SUPPLIED ENTRIES

---*---

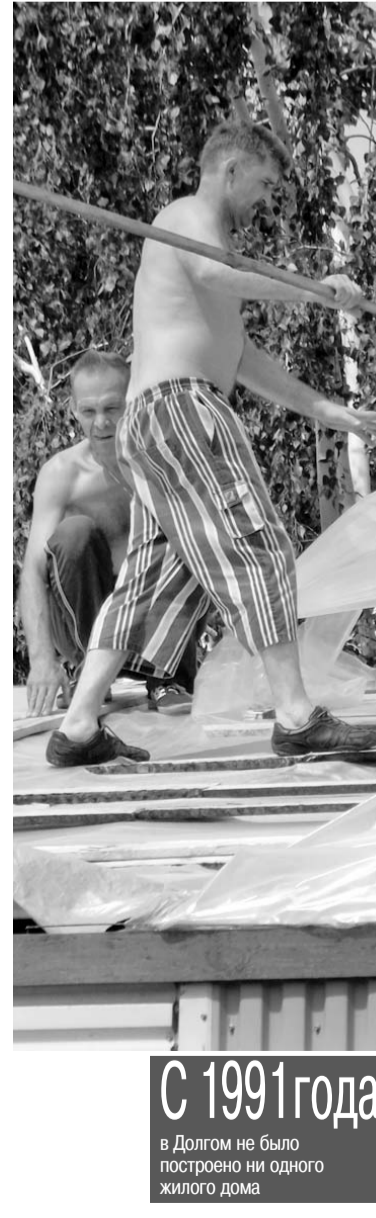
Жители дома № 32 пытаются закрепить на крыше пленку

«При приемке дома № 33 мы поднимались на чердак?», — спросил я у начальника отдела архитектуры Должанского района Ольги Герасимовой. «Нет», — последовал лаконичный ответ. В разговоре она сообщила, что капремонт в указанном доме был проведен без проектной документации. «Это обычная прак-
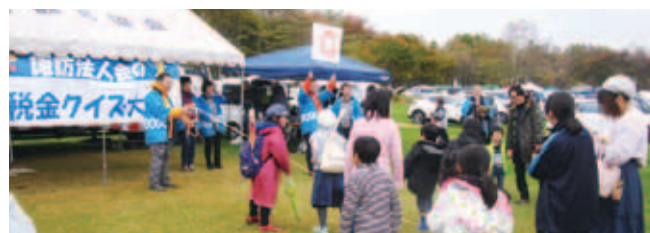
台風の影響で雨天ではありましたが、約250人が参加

---*---

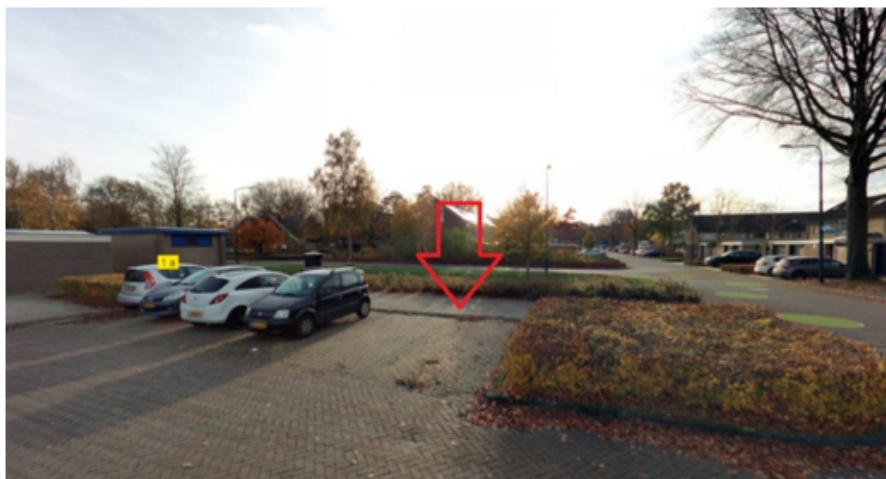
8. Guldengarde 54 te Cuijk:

---*---

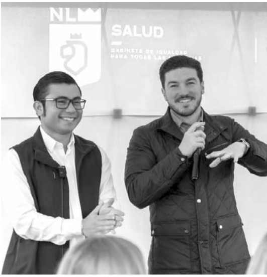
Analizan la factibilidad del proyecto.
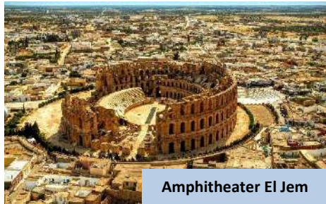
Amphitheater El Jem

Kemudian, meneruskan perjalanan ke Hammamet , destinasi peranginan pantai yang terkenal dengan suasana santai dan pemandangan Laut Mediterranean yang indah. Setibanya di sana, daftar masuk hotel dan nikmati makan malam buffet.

---*---

PROBLEM TO WORK ON
A clean copy is needed of the lines above from the one with "приемке дома №" up to and including the one with "台風の影響で雨天ではありましたが、約250人が参加". Please set it down exactly, with no pictures.

RESULT OF THIS EXERCISE
«При приемке дома № 33 мы поднимались на чердак?», — спросил я у начальника отдела архитектуры Должанского района Ольги Герасимовой. «Нет», — последовал лаконичный ответ. В разговоре она сообщила, что капремонт в указанном доме был проведен без проектной документации. «Это обычная прак-
台風の影響で雨天ではありましたが、約250人が参加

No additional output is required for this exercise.